Lot

Lot 7

Q. Is Lot a good man or a bad person?

A. My opinion is mixed, based on the description of his character in Genesis. On the one hand, he had some good qualities:

CourteousGen 19:1 The two angels arrived at Sodom in the evening, and Lot was sitting in the gateway of the city. When he saw them, he got up to meet them and bowed down with his face to the ground.
HospitableGen 19:2, 3 “My lords,” he said, “please turn aside to your servant’s house. You can wash your feet and spend the night and then go on your way early in the morning.” … But he insisted so strongly that they did go with him and entered his house. He prepared a meal for them, baking bread without yeast, and they ate. …
Protective of his guests and familyGen 19:6-8, 14 Lot went outside to meet them and shut the door behind him and said, “No, my friends. Don’t do this wicked thing. … But don’t do anything to these men, for they have come under the protection of my roof.” … So Lot went out and spoke to his sons-in-law, who were pledged to marry his daughters. He said, “Hurry and get out of this place, because the LORD is about to destroy the city!”
GratefulGen 19:19 Your servant has found favor in your eyes, and you have shown great kindness to me in sparing my life. …

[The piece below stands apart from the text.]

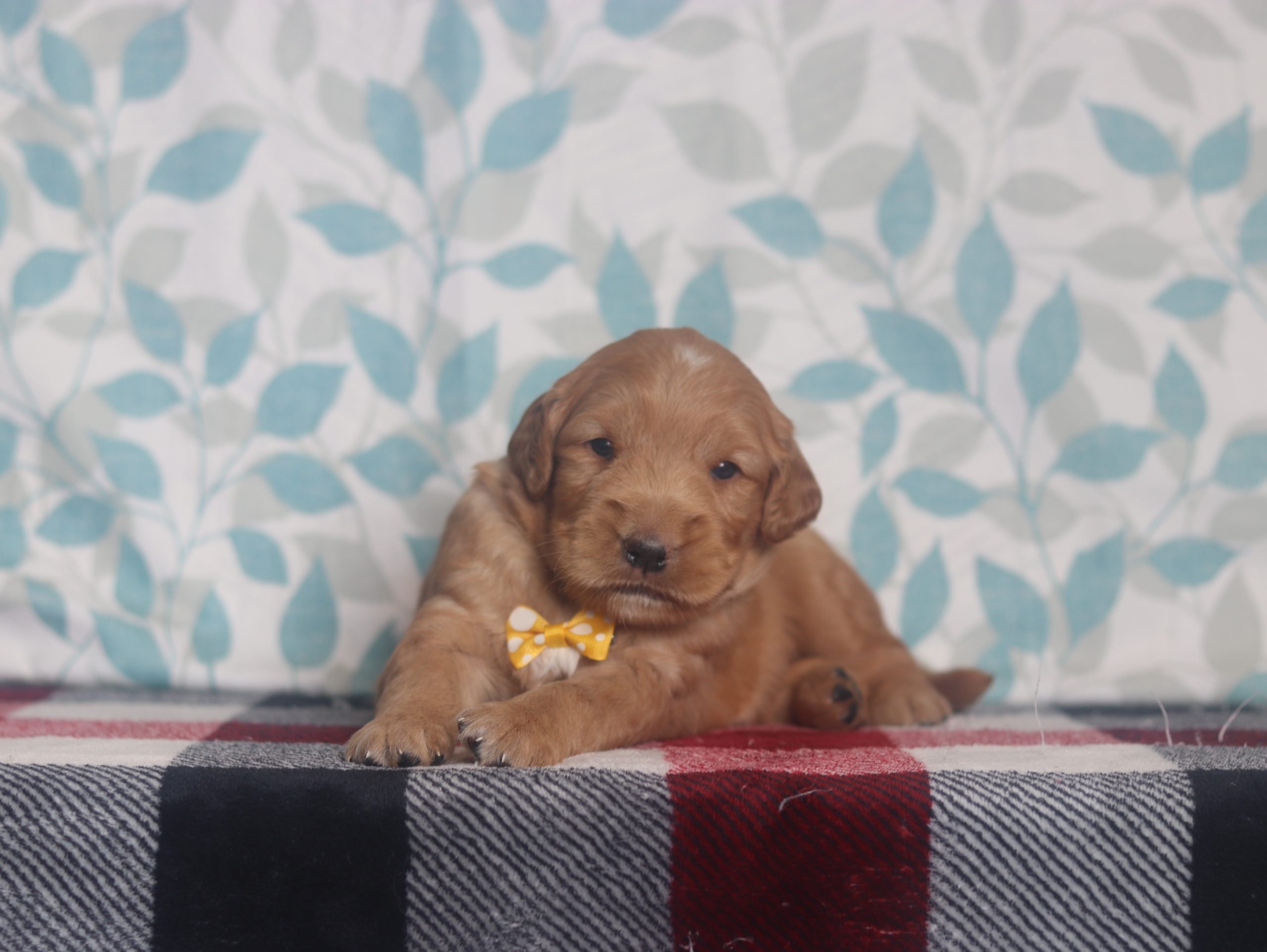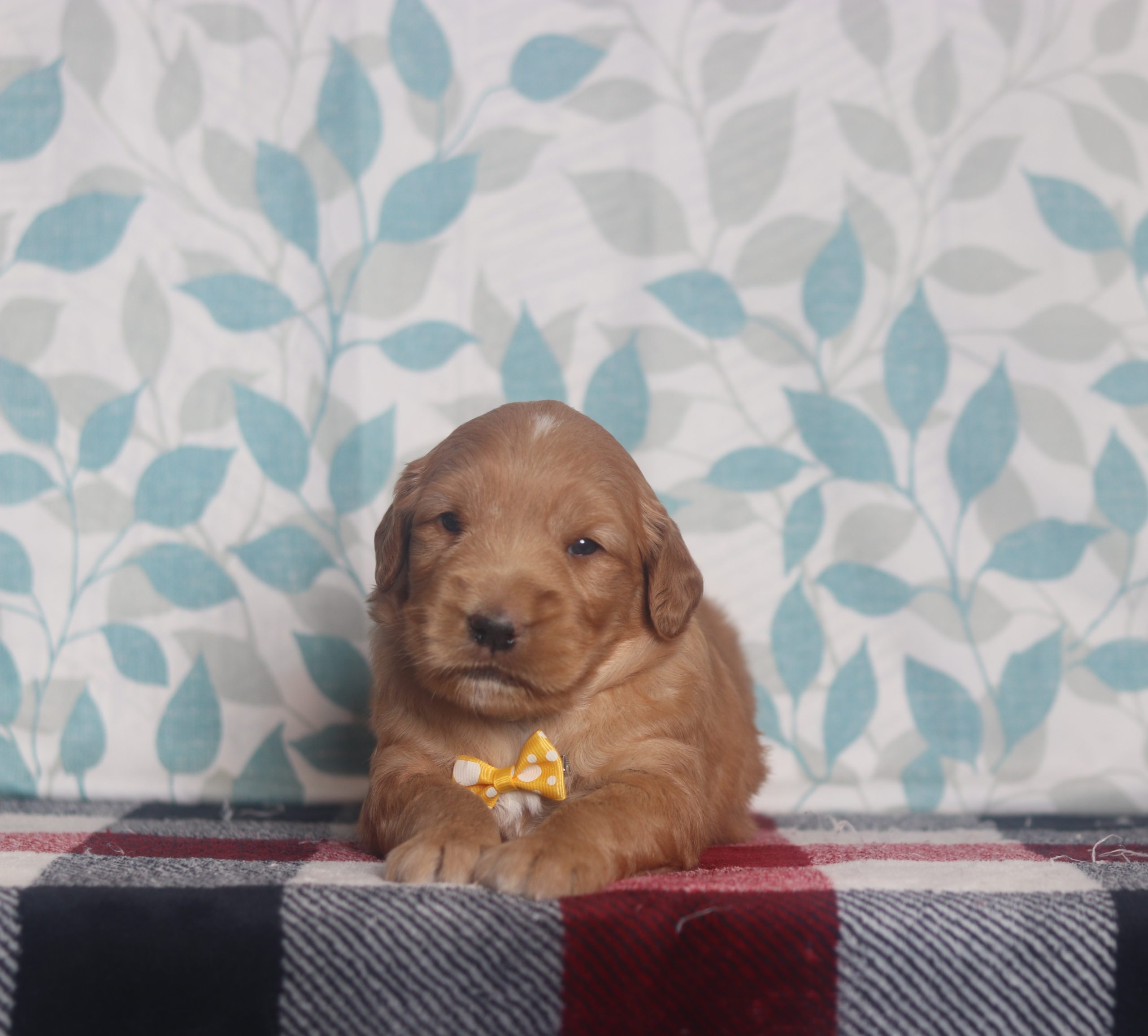 Hello, this is Abner! He’s a cute little Golden Retriever boy with a red/white soft, furry coat and 2 shining eyes. He loves to play with his siblings and also loves to be held and cuddled! He will be sure to shower you with lots of kisses! (Estimated Wt. 63#)

On the other hand, he had some very serious character flaws and significant errors in judgment:

Worldly, choosing what looked good. Some might excuse him because he didn’t know Sodom was wicked, but he must have known soon after his arrival and yet chose to stay. Gen 13:10-11, 13 Lot looked around and saw that the whole plain of the Jordan toward Zoar was well watered, like the garden of the LORD, like the land of Egypt. (This was before the LORD destroyed Sodom and Gomorrah.) So Lot chose for himself the whole plain of the Jordan and set out toward the east. The two men parted company. Now the people of Sodom were wicked and were sinning greatly against the LORD.
Compromised in participating in the affairs of the city – Gen 14:1 … sitting in the gateway. The custom in those days was that the elders sit at the city gate to decide on the city’s affairs e.g. Gen 23, Jos 20:4, Prov 31:23. Again some might excuse him as trying to save the city by trying to reform it from within, but the overall picture is that he had no impact whatsoever. Gen 19:9, 14 “Get out of our way,” they replied. “This fellow came here as a foreigner, and now he wants to play the judge! We’ll treat you worse than them.” … But his sons-in-law thought he was joking.
Bizarre thinking – Gen 19:8 Look, I have two daughters who have never slept with a man. Let me bring them out to you, and you can do what you like with them. What parent would do that to their children? Certainly not one who bring them up in the training and instruction of the Lord (Eph 6:4). It’s totally absurd!
VacillatingGen 19:19-20, 30 … But I can’t flee to the mountains; this disaster will overtake me, and I’ll die. Look, here is a town near enough to run to, and it is small. Let me flee to it—it is very small, isn’t it? Then my life will be spared.” … Lot and his two daughters left Zoar and settled in the mountains, for he was afraid to stay in Zoar. At first he chose Zoar, against the advice of the angels (Gen 19:17). The reason was not given, possibly because it was more convenient and comfortable than living in caves. Then he left it for the mountains for he was afraid. Possibly Zoar was influenced by Sodom and he was scared of what the people might do to him. In any event he did not think carefully before he acts and was a coward.
Morally depravedGen 19:33, 35 That night they got their father to drink wine, and the older daughter went in and slept with him. He was not aware of it when she lay down or when she got up. … So they got their father to drink wine that night also, and the younger daughter went in and slept with him. Again he was not aware of it when she lay down or when she got up. Some might argue that he was not aware of it, but he allowed himself to get so drunk that it led to debauchery (Eph 5:18), and cannot escape responsibility.

However, the final assessment in the NT was that he was a righteous man. This was repeated 3 times in 2 verses:
2 Pet 2:7-8 and if he rescued Lot, a righteous man, who was distressed by the depraved conduct of the lawless (for that righteous man, living among them day after day, was tormented in his righteous soul by the lawless deeds he saw and heard)—
He was distressed and tormented, but he was also weak and ineffective as a witness. The only thing I can conclude is that despite his checkered past, he repented and finished well. Many of us are like Lot, positionally we are saved by the blood of Jesus and children of God, but in terms of our state we are poor witnesses for Christ. Remember Lot’s wife (Lk 17:32), and Lot! Learn from his mistakes. I hope we all do better.